In 1942, 300 deportees from Mauthausen concentration camp were transported to Loibl Pass in the Karawanken Mountains between Austria and Yugoslavia. Their task was to carve out, virtually with their bare hands, a strategic tunnel that would give the German panzer divisions access to the Adriatic. They worked fourteen hours a day on minimum rations. They were flogged at random for any word or movement that hinted of sabotage. They had to submit to the sadistic pleasure of the guards, almost all of them homosexual criminals freed from German prisons. Anxious to gain favor with their SS masters, the guards had everything to gain by inventive cruelty.

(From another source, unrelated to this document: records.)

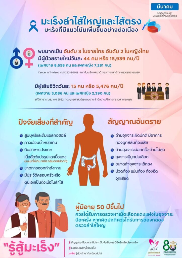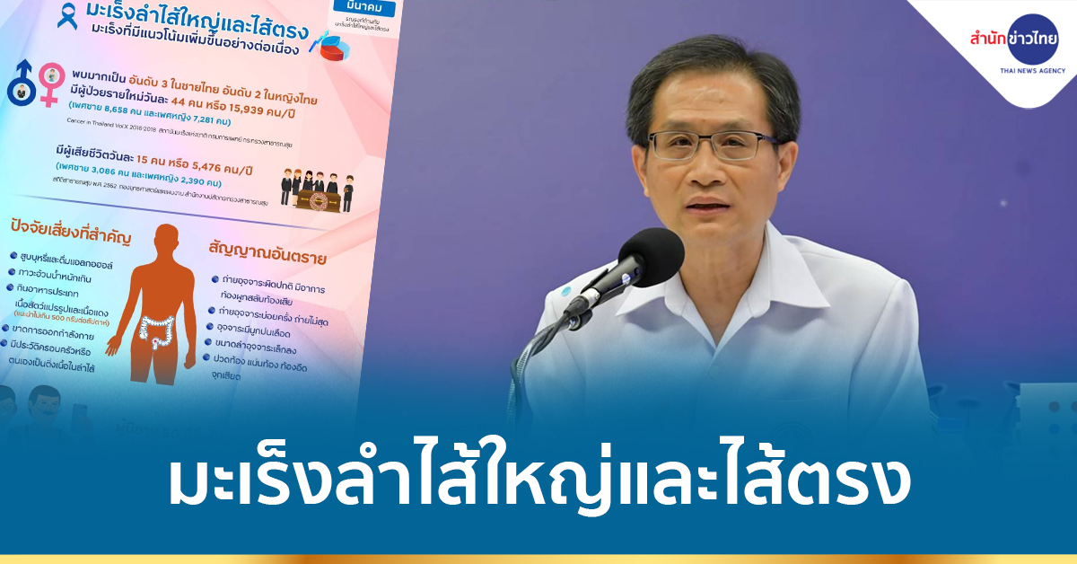 นายแพทย์สมศักดิ์ อรรฆศิลป์ อธิบดีกรมการแพทย์ กล่าวว่า ถือเป็นปัญหาสาธารณสุขที่สำคัญของประเทศ จากสถิติทะเบียนมะเร็งประเทศไทยรายงานว่ามะเร็งลำไส้ใหญ่และไส้ตรงถือเป็น 1 ใน 5 ของมะเร็งที่พบมากในคนไทย มีอัตราการเกิดโรคสูงขึ้นอย่างต่อเนื่องทุกปี ปัจจุบันมีรายงานผู้ป่วยรายใหม่ประมาณ 16,000 คนต่อปี เป็นเพศชายและหญิงราว 8,658 และ 7,281 คน ตามลำดับ และมีผู้เสียชีวิตประมาณ 5,500 คนต่อปี สาเหตุของโรคส่วนหนึ่งเป็นผลมาจากพฤติกรรมการดำเนินชีวิตที่ทำให้เพิ่มความเสี่ยงของการเกิดโรค โดยเฉพาะพฤติกรรมการบริโภค เช่น การรับประทานอาหารในกลุ่มเนื้อแดงและเนื้อแปรรูปที่ปิ้งย่างไหม้เกรียม อาหารที่มีไขมันสูง/อาหารฟาสฟูดส์ต่าง ๆ นอกจากนี้ยังมีปัจจัยเสี่ยงอื่นๆ เช่น การดื่มเครื่องดื่มแอลกอฮอล์ การสูบบุหรี่ การมีภาวะอ้วนน้ำหนักเกิน ตลอดจนการมีประวัติครอบครัวหรือตนเอง เป็นติ่งเนื้อในลำไส้ เป็นต้น
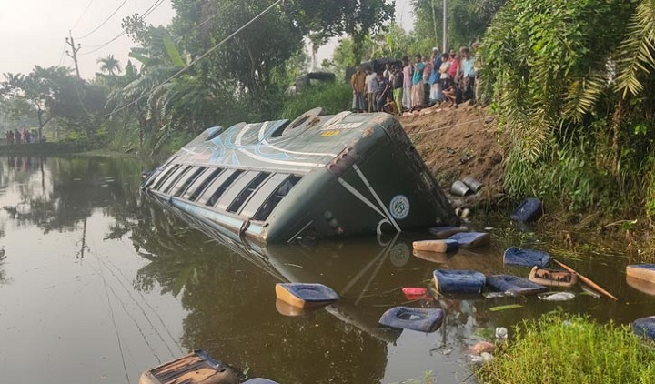 টাঙ্গাইলে বাস খাদে পড়ে নিহত এক, আহত ১৫
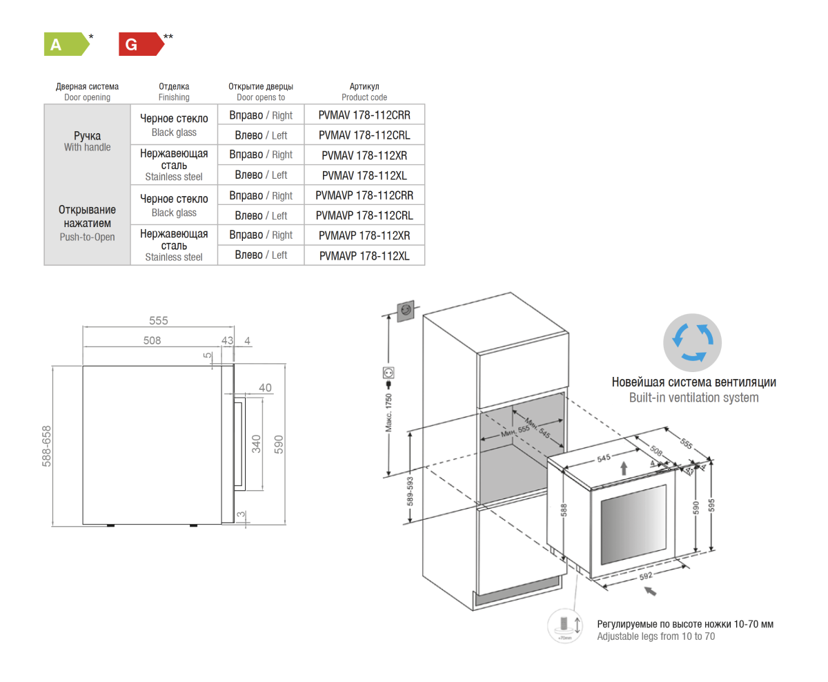 Встраиваемый винный шкаф Pando PVMAV 60-25CRL информация:
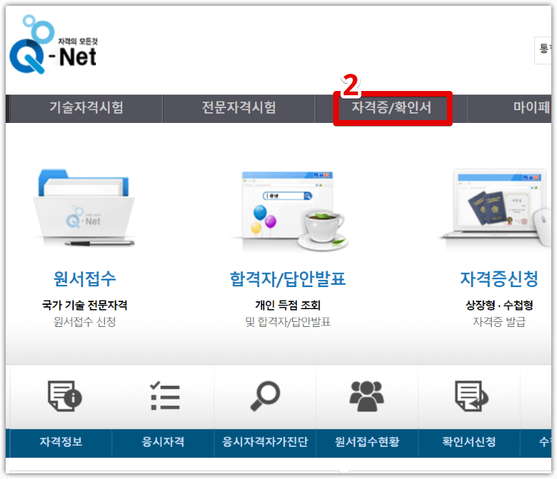 (2) 상단의 자격/확인서 메뉴를 클릭합니다.

Into all this horror walked Paulo Chastagnier. Not since Papillon has there been such an irrepressibly cocky crook-hero as Paulo, twenty-three years old and a black marketeer from Pigalle. He is hell-bent on getting out of Loibl alive. However, it was only his Gallic weakness for pretty girls that, in the end, gave him a lead... After thirty-three years André Lacaze, one of those prisoners who excavated the tunnel, felt compelled to tell the world what happened at Loibl Pass. All the facts and scenes he describes are true, but out of deference to relatives still living, he has disguised all but one of the names of his compatriots: the man to whom the book is dedicated.
THE TUNNEL AT LOIBL PASS is a story of appalling degradation and heroic endurance, yet the drama is shot through with an irresistible comedy, right across its huge cast of Resistance heroes, communists serving officers, students and gunmen, racketeers and pimps, rounded up all over occupied Europe. It is a book that may shock but cannot be ignored.
I'm a bit miffed at this being labelled fiction, the names we're changed and the tunnel and it's history still exist. A great look into human fortitude and social interaction under stress.